Wednesday, March 14, 2018
FAYETTEVILLE -- Plans to boost diversity and inclusion at the University of Arkansas include developing a institute within the university to engage faculty members and provide outreach beyond campus.
The UA Inclusion, Diversity, Equity, Access and Leadership Support Institute is among several initiatives being worked on, campus leaders said at a town hall-style event Monday, which was held after a student last month posted to social media an image of himself in blackface.
Chancellor Joe Steinmetz told a crowd of about 130 at the student-organized event that "perhaps the thing we must do is we have to step up the education that we do on this campus on this issue," adding UA has "expectations when it comes to these areas of diversity, inclusion and equality."
Yvette Murphy-Erby, UA's top diversity officer, said at the meeting she plans to establish a student "diversity ambassadors" team.
Students who volunteer for the program could help with campus initiatives and "help us stay abreast of what's happening," Murphy-Erby said. She said more details will be released in April about the initiative.
The institute would serve all of Arkansas and requires approval from state higher-education authorities, Murphy-Erby said.
"We believe it's important for faculty members to share their expertise and also be engaged in research related to diversity and inclusion," Murphy-Erby said, adding that the work would help with assessment of campus diversity efforts.
The event Monday was organized by the Black Students Association, the Associated Student Government and the National Pan-Hellenic Council.
The National Pan-Hellenic Council distributed a statement Feb. 26 on social media stating the blackface post "negatively affected the Razorback community" and condemning "such distasteful actions."
The blackface post included the caption, "I hope this offends someone." The post also included a reference to the hit movie Black Panther, a superhero story with a mostly black cast.
Steinmetz said Monday the student making the post "chose to depart voluntarily from the university shortly after this matter arose." He said UA has an ongoing student conduct process and, citing student privacy, declined to comment further about the student.
On Feb. 24, after the initial blackface post began to be shared, Steinmetz posted a message on social media stating the university supports an inclusive community and a "diversity of people, ideas and perspectives," calling these "core values we share despite insensitivity displayed by any individual."
In a later social media post, he added: "Degrading and harassing messages create an environment that does not foster respectful dialogue/positive educational environment & is not acceptable at the UA."
The 1,268 black students enrolled at UA this past fall made up about 4.6 percent of all students.
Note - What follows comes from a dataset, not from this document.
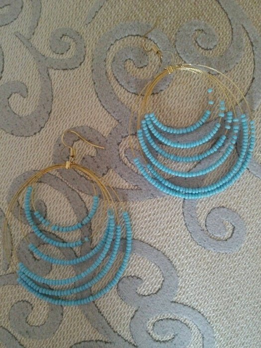 Schön sommerliche, türkis-goldene Ohrringe. Habe sie leider viel zu selten getragen, daher gebe ich sie ab! Lächeln Super Zustand!

The total has decreased from 1,334 black students in fall 2015.
Over the same time period, some other minority groups counted separately have seen increases, including multiracial students, up to 924 students this past fall from 818 in fall 2015. The number of Hispanic students increased to 2,225 this past fall, up from 1,874 in fall 2015.
Brianna Griffin, a UA finance student who attended the event Monday, said "everybody on this campus has seen some type of racism."
She said the Monday event showed "our concerns are being heard and that steps are going to be taken." She added, however, she wants to ensure incoming students are able to have their concerns heard immediately.
"I just want to make sure this is a priority on campus, this isn't going to get swept under the rug and onto the next thing," said Griffin, 21.
Murphy-Erby said Monday while she isn't able to respond immediately to all students with concerns, "we will make time if it's an urgent need."
Griffin said she hoped to hear more about any discipline imposed by UA on the student making the blackface post, but understood the privacy requirement.
At the event Monday, Charles Robinson, UA's vice chancellor for student affairs and formerly the university's top diversity officer, said, generally speaking, if he were assessing a student conduct case with no safety threat his first thought would not be to expel a student.
"My first inclination is to educate this person to get them to understand how this particular rendition, this particular posting, was offensive to people," said Robinson.
Robinson, who is black, also formerly led the university's African and African American Studies program. He called expulsion "the last resort."
Steinmetz defended the university's response Monday but also read a new statement that had been considered but not released: "The disgusting imagery and words posted online last week are reflective of an individual's attempt to incite -- but failing to -- further hatred."